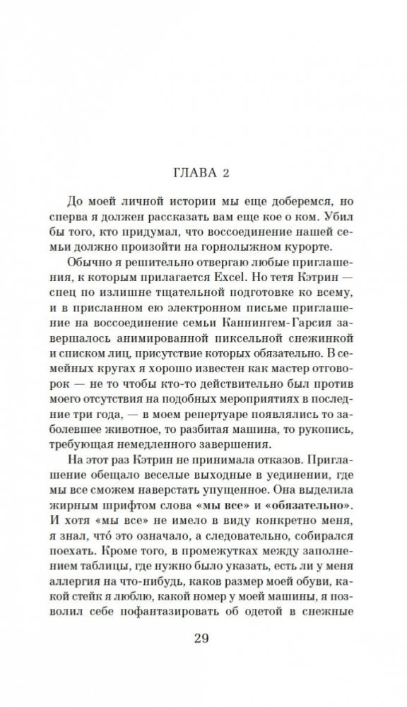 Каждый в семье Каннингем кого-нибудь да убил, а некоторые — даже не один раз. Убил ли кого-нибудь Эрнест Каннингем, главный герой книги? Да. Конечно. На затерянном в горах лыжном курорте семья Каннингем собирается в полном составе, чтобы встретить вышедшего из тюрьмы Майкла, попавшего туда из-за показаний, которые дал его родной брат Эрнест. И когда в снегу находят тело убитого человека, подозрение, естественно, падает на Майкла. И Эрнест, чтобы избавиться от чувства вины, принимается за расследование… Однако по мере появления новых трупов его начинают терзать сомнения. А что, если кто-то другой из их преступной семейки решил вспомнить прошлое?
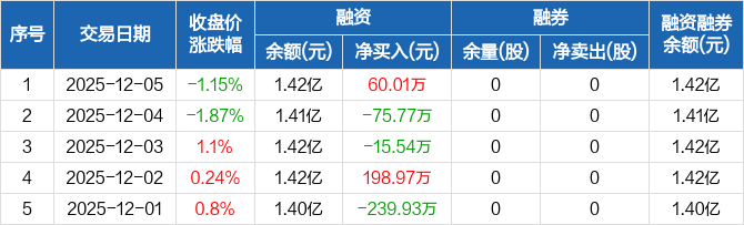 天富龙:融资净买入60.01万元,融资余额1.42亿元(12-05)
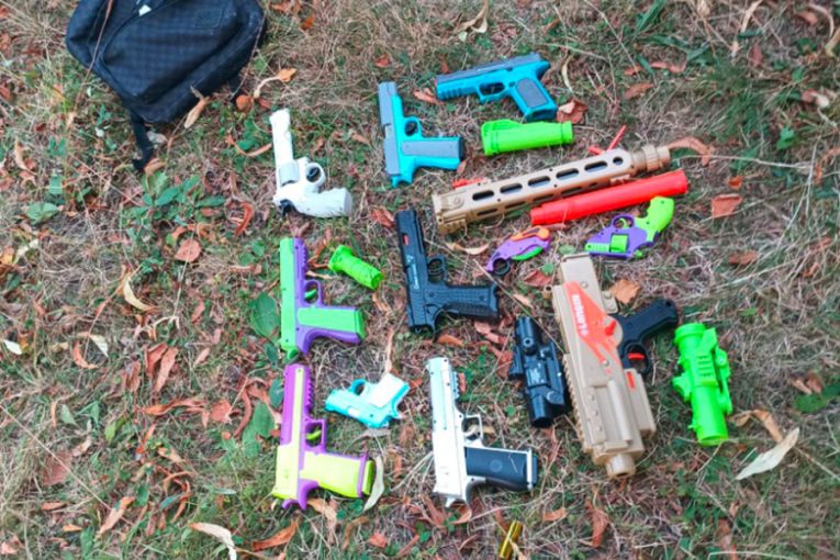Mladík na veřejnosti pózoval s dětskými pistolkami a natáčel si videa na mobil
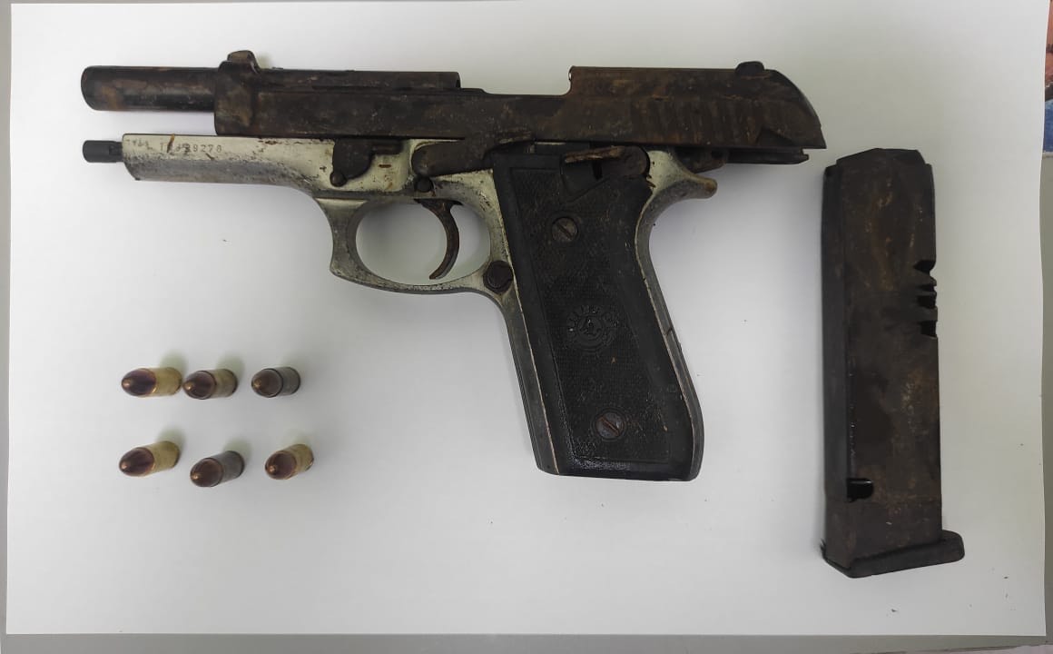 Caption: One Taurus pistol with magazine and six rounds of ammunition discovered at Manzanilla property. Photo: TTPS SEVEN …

**What you need to do**
Starting with the line that contains "Mladík na veřejnosti", print every line through the end of the data exactly as written; omit all pictures and add nothing else.

**Task output**
Mladík na veřejnosti pózoval s dětskými pistolkami a natáčel si videa na mobil
 Caption: One Taurus pistol with magazine and six rounds of ammunition discovered at Manzanilla property. Photo: TTPS SEVEN …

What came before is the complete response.